Well, it’s great to see Warner Bros. Pictures is committed to the otherwise January 15, 2021 release, of McQuoid’s film – and this, while weighing all the many risk factors knowing the studio is facing a lose/lose situation as the pandemic remains the biggest factor of all.

For what it’s worth, I’m glad we’re waiting as much as I hate it. Normally a teaser would be on our radar right about now (in my view, at least as of June or July), and it sucks that the “new normal” now extends to the current atmosphere of the film industry with the constant on/off-again scheduling of titles. It’s more than frustrating, really, but at least with an air of gratitude on my end that I’m able to get past my writer’s block and scribble something on this 25th anniversary.

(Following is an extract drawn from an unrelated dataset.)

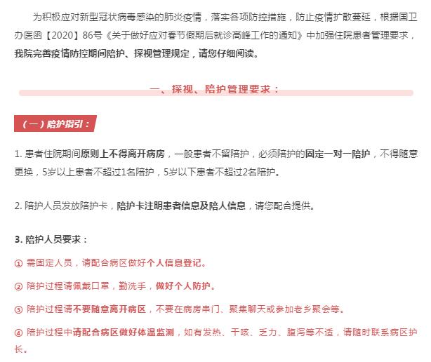【公告】区人民医院疫情防控期间住院患者陪护、探视管理规定

It’s been a while since I opined like this as a fan much on anything apart from reviews and a few sentences in articles, so this was nice.

For all the efforts of Anderson and producer Lawrence Kasanoff and New Line, all the people involved in the franchise right up to Kevin Tancharoen’s venture in Machinima with Mortal Kombat Legacy and now with the likes of James Wan having boosted his industry profile enough help make a new Mortal Kombat film a reality, and a cast that’s more than promising, I’m glad there’s something good waiting for us in the new year.